Title: Vitellogenesis Author
Submitted to: Encyclopedia of Entomology
Publication Type: Book / Chapter
Publication Acceptance Date: March 12, 2008
Publication Date: June 1, 2008
Citation: Shirk, P.D. 2008. Vitellogenesis. In: Capinera, John L., editor. Encyclopedia of Entomology. 2nd edition. Dordrecht, The Netherlands: Springer. p. 93-97. Interpretive Summary: The control of insect pests that destroy crops and stored commodities is in jeopardy. Most current insecticides will be lost due to acquired resistance or environmental hazard. This has left the agriculture with fewer options for pest control. Scientists at the USDA ARS, Center from Medical, Agricultural and Veterinary Entomology examine the development of germ cells in the ovaries of the Indianmeal moth, Plodia interpunctella, a major stored product pest as well as other insects. The contributed book chapter presents a lay-person review of the production of protein yolk or vitellogenesis in insects as a means of educating the populace on how insects make eggs. The chapter will provide a reference for lay-persons to understand current research efforts by ARS scientists.
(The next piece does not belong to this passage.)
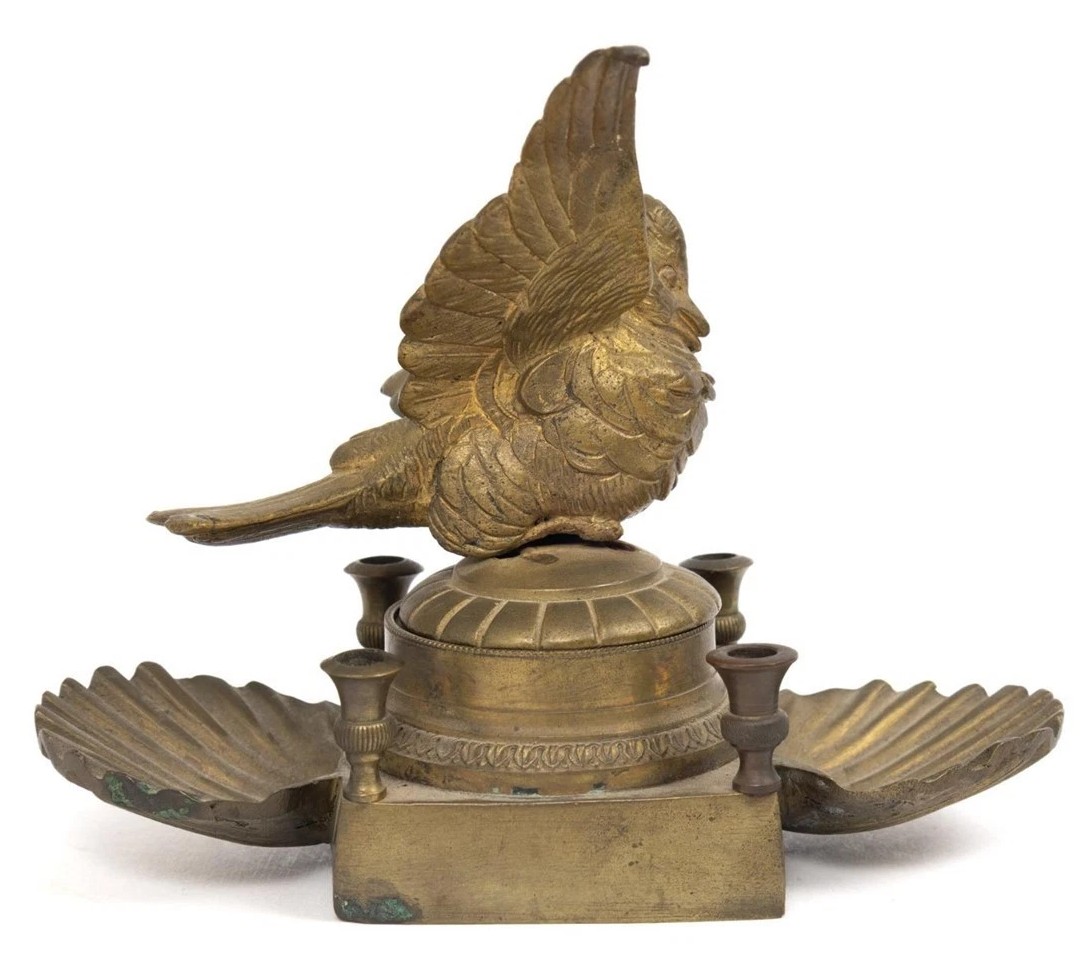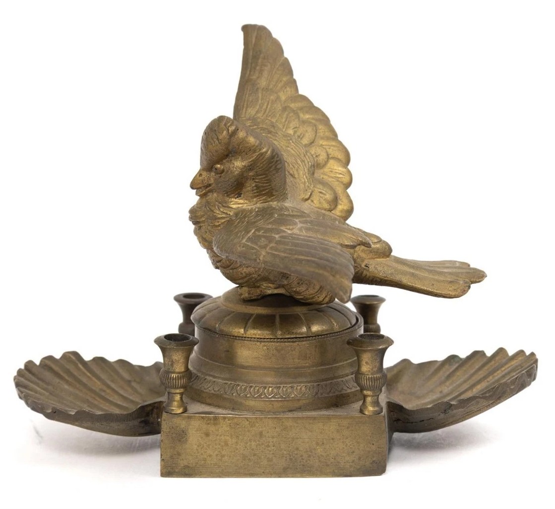 Cast Brass Bird Inkwell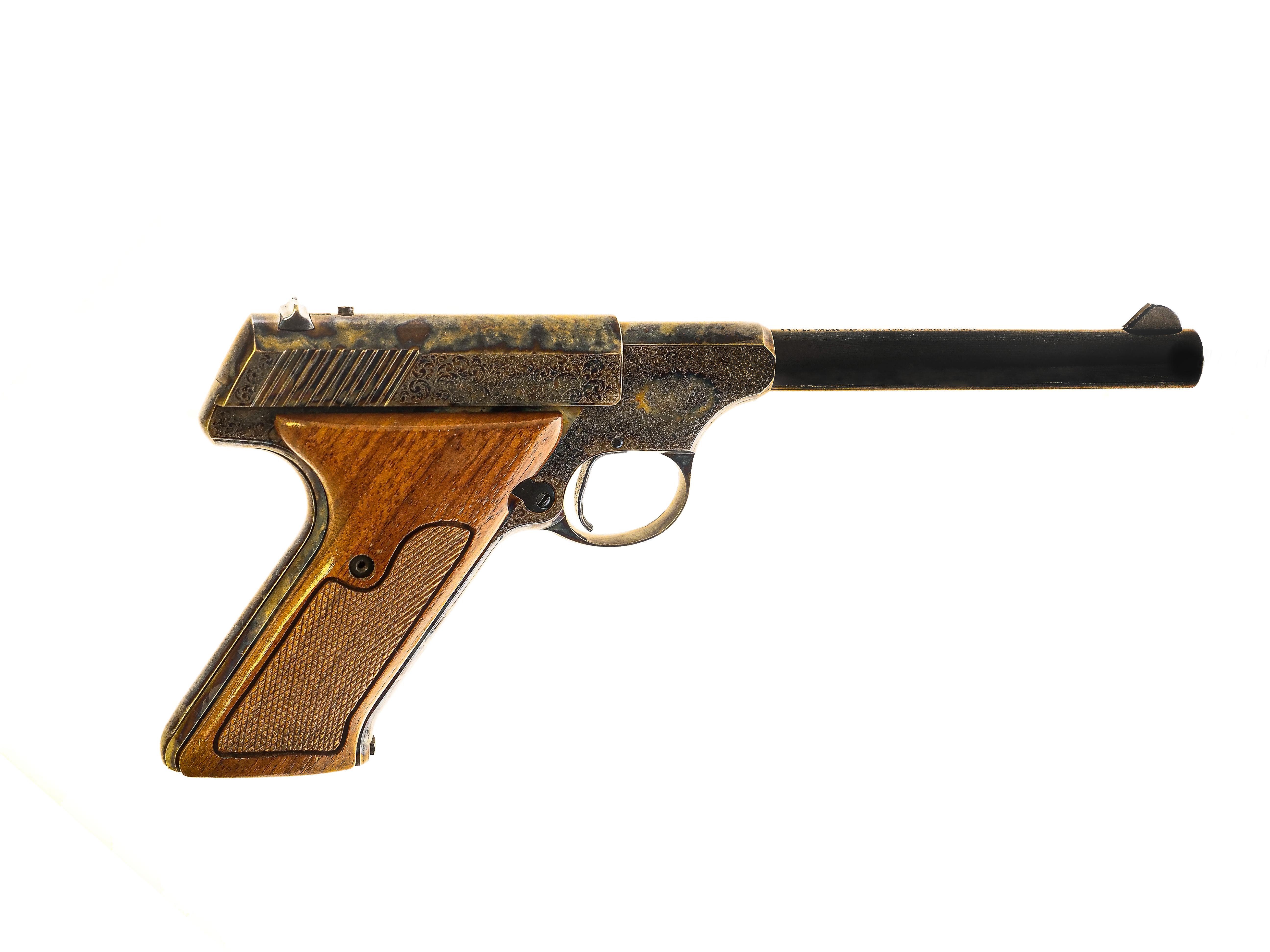 Standard Manufacturing and Buds Gun Shop are pleased to announce the engraved Model SG22. This 1918 John Moses Browning-designed automatic .22 pistol was rarely produced in an engraved model. The full coverage miniature rosette bouquet and scroll engraved guns are available in either a royal blue or traditional bone and charcoal color case hardened finish.

Technical Abstract: The process of vitellogenesis in insects is briefly reviewed for the lay reader. Vitellogenesis is the process of production and accumulation of yolk in a developing oocyte. The major proteins that accumulate in the oocyte of most insects are produced as vitellogenins. Vitellogenins are found in other animals that deposit eggs and the proteins all belong to a superfamily of lipoproteins that share a common evolutionary origin. However, the higher dipterans utilize smaller yolk proteins to package in the eggs. Typically, the vitellogenins or yolk proteins are produced in the fat body, secreted into the hemolymph, transported to the ovary where they are taken up by receptor-mediated transport into the oocyte and deposited as vitellin in yolk spheres. The genetic and endocrine regulation of the genes for the vitellogenins and vitellogenin receptors is described by four different models that relate the regulation to feeding activities of the adults.